DIRECTIONS: Whenever a line of the listing contains the string "into", return that line.

PROVIDED RECORDS:
▬▬▬▬▬▬

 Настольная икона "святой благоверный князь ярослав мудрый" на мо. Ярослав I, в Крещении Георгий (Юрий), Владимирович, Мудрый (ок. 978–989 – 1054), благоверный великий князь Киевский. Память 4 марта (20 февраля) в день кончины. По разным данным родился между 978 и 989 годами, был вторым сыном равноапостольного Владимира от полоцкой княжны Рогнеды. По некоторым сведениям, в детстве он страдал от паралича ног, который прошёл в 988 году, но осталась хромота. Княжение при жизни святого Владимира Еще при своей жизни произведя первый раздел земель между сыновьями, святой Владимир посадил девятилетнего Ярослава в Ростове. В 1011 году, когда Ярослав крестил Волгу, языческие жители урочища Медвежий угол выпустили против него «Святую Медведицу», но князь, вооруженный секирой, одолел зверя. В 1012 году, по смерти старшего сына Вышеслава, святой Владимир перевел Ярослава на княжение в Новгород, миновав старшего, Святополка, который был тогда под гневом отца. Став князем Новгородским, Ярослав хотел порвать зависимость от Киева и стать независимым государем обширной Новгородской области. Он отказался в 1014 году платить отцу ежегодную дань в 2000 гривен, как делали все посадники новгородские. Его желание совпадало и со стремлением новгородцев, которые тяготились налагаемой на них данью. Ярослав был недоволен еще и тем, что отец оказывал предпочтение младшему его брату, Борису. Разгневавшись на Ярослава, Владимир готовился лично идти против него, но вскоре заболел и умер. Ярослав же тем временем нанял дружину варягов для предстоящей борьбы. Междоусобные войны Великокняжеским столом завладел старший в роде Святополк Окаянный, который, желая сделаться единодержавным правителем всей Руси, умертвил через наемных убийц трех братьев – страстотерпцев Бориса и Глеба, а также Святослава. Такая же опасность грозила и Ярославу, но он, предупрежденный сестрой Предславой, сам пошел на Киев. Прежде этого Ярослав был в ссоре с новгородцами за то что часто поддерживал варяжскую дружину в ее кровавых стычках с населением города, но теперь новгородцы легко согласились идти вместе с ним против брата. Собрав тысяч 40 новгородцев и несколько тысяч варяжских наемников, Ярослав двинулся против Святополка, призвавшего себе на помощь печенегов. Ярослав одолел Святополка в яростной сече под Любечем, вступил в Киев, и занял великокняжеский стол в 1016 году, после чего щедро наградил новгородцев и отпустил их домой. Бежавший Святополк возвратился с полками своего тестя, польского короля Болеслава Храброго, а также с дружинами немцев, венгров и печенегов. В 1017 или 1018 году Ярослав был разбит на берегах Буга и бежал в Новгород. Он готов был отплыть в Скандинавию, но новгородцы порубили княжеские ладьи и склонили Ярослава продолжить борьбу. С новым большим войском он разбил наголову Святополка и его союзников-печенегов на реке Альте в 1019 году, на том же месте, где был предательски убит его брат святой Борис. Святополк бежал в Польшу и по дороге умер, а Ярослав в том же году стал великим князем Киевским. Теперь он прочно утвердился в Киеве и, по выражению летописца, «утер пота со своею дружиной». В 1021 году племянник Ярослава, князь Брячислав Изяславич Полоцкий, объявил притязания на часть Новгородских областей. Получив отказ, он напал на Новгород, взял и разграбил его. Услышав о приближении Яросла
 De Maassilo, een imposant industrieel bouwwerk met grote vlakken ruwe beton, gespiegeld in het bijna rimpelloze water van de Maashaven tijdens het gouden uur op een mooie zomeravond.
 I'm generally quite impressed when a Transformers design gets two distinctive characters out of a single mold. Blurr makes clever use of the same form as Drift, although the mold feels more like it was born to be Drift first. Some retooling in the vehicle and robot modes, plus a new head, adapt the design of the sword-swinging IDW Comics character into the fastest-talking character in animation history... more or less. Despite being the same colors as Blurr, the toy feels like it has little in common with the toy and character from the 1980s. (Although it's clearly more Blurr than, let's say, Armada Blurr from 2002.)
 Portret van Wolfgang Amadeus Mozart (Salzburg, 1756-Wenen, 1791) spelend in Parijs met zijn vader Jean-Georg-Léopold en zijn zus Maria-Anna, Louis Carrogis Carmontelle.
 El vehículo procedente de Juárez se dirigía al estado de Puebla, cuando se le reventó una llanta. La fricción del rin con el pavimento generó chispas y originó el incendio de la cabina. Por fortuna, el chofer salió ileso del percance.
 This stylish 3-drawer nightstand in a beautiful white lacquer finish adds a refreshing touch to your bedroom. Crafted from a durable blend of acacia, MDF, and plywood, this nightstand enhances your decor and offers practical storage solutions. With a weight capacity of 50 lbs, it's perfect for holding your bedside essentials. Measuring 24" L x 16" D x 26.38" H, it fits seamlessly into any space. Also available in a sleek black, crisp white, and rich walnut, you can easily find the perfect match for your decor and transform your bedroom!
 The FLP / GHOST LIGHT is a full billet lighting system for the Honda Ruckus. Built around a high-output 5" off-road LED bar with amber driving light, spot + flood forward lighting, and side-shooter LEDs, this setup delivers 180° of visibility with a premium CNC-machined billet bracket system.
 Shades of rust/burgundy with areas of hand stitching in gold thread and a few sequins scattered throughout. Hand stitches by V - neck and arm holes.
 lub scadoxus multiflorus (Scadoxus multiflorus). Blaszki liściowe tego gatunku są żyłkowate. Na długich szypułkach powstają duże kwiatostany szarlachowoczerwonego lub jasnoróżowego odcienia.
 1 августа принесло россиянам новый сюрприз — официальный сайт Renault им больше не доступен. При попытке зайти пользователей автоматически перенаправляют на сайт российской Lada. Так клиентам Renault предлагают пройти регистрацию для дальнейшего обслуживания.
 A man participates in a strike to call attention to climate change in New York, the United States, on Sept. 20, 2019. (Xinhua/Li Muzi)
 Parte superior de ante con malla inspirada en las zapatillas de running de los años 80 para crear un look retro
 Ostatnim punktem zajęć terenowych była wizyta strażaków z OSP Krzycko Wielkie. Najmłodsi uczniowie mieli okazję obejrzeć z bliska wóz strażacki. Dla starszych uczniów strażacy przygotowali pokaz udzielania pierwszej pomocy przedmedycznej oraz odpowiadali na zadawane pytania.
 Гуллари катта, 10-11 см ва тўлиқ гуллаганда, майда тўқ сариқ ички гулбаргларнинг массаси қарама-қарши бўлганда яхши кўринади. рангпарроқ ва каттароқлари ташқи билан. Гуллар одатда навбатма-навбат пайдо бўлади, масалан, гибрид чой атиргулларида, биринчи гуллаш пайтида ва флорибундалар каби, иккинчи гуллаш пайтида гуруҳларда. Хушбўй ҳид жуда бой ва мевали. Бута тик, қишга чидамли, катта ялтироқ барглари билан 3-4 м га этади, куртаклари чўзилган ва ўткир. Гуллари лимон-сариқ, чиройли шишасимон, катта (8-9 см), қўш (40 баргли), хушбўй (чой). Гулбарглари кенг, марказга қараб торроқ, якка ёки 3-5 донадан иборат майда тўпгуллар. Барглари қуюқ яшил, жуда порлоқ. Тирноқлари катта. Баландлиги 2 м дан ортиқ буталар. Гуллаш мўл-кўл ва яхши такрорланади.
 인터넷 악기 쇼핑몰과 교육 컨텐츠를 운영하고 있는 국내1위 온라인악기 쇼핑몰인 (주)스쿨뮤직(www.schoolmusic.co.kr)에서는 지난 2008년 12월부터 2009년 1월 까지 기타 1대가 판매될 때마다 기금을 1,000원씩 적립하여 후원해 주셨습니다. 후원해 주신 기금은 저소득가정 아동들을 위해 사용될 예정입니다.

▬▬▬▬▬▬

EXERCISE OUTPUT:
 I'm generally quite impressed when a Transformers design gets two distinctive characters out of a single mold. Blurr makes clever use of the same form as Drift, although the mold feels more like it was born to be Drift first. Some retooling in the vehicle and robot modes, plus a new head, adapt the design of the sword-swinging IDW Comics character into the fastest-talking character in animation history... more or less. Despite being the same colors as Blurr, the toy feels like it has little in common with the toy and character from the 1980s. (Although it's clearly more Blurr than, let's say, Armada Blurr from 2002.)
 This stylish 3-drawer nightstand in a beautiful white lacquer finish adds a refreshing touch to your bedroom. Crafted from a durable blend of acacia, MDF, and plywood, this nightstand enhances your decor and offers practical storage solutions. With a weight capacity of 50 lbs, it's perfect for holding your bedside essentials. Measuring 24" L x 16" D x 26.38" H, it fits seamlessly into any space. Also available in a sleek black, crisp white, and rich walnut, you can easily find the perfect match for your decor and transform your bedroom!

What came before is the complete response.